With all the worries about TNT, as reptile couriers, I though I would put this thread up to show that, wth care, the service can be very good.
Stephen


----------



## tarantulabarn (Apr 21, 2005)

Really glad to hear that they arrived ok, but in my opinion overnight services should never be used for reptiles, especially when the parcels go through so many different cages and vans before they are delivered , especially when there are plenty of direct reptile couriers


----------



## SnakeBreeder (Mar 11, 2007)

tarantulabarn said:


> Really glad to hear that they arrived ok, but in my opinion overnight services should never be used for reptiles, especially when the parcels go through so many different cages and vans before they are delivered , especially when there are plenty of direct reptile couriers


Well everyones is entitled to their opinion : victory:.
I've used couriers for over 20 years, maybe over 25 and only had problems 3 times. That's out of literally 100's of animals sent via couriers.
I have heard the horror stories about TNT but have not really seen any evidence of it myself.
I think if the animal is hardy, like corns, kings etc, and correctly packaged they they will be OK.
Mind you I do think you get a better service with the specialised couriers and these are far better for more delicate animals.
Where I am in the North East the quote I have had from the specialist couriers have all been very high ( normaly over £120 ) becuse their bases are so far from me, this is not an amount many people would pay when there is an acceptable service at around £30.
Stephen


----------



## Reptacular Ltd (Nov 1, 2008)

Hi

We received the 20 corns, and they were lovely and warm, active, and look very healthy, put them in my hatchling rack and they all seem fine.

The tnt delivery man, was very carefull with box and dropped them off at 10.30 this morning (they were picked up yesterday afternoon). So thats somewhere around 20 hours, including an overnight stint at -5 temperature, and they were all ok.

I think if they are packaged correctly, as most genuine sellers who care about their reps do, then there is not that much to worry about.

Thanks.


----------



## sparkle (Mar 21, 2007)

thats excellent news steve..

And im glad the buyers were happy too :2thumb:


----------



## Lynne (Jul 19, 2007)

good news. i had corns sent by tnt before, and the box arrived all bashed. as i answered the door the guy shook it and said 'dunno whats in it but it duzny sound broken'!!! i cant print my reply but the air was blue.


----------



## slippery42 (Mar 23, 2008)

SnakeBreeder said:


> I sent 21 snakes out yesterday via TNT's overnight service, then found the forcast was for temps down to minus 9 in some places.
> The snakes were in 2 shipments, one adult corn by itself and 20 hatchlings in another box.
> The snakes had been packed with 3 of the 40 hour heat packs per box.
> I got up this morning expecting the worste and a message on my answer machine confirmed the safe, but cold, arrival of the adult corn.
> ...


Glad they arrived ok Stephen!


----------



## SnakeBreeder (Mar 11, 2007)

I must admit that when I saw one forcast for temps down to as low as minus 9 I was worried.
I normal postpone sending the snakes if is it is going to be as low as plus 1 or 2.

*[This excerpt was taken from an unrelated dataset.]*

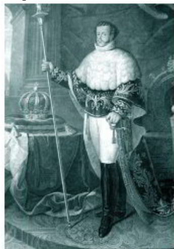
Henrique José da Silva. Retrato do imperador em trajes majestáticos. Gravura sobre metal feita por Urbain Massard 0,64m x 0,44m. Acervo do Museu Imperial.

Lynne I have heard of problems like you experienced, it is not acceptable and I hope you let the manager at the depo know about the damage etc.
We have had several late deliveries ( we pay for before 12 and sometimes they arrive around 1PM ) This is more of an inconvienince then a real problem. 

I'm glad "Reptacular Ltd" and the other buyer were pleased with their snakes as it makes it all worthwhile.

It is a lot easier to heat the travel boxes now as we can use 40 hour heater packs. If we had used the cheaper 8 or 12 hour packs I'm sure the results would have been some poorly, or maybe dead, snakes.

Cheers
Stephen


----------



## felix93 (Feb 5, 2007)

I think it's down to individual type of reptiles. I bought some chameleons from a member on here back in late early Dec. One arrival, one of the chameleons was dead, not a very nice scene if you have seen how chams died with struggling. The other one was lifeless for 4 hours since arrival. The second parcel (replacement) came before 10am and they were stone cold, that was mid Dec., temp is not even like how it is now. The seller has put 48 hours heat pads in to keep warm. The first pack was too hot, not much ventilation, the second parcel was too cold despite with 2 heat pads. 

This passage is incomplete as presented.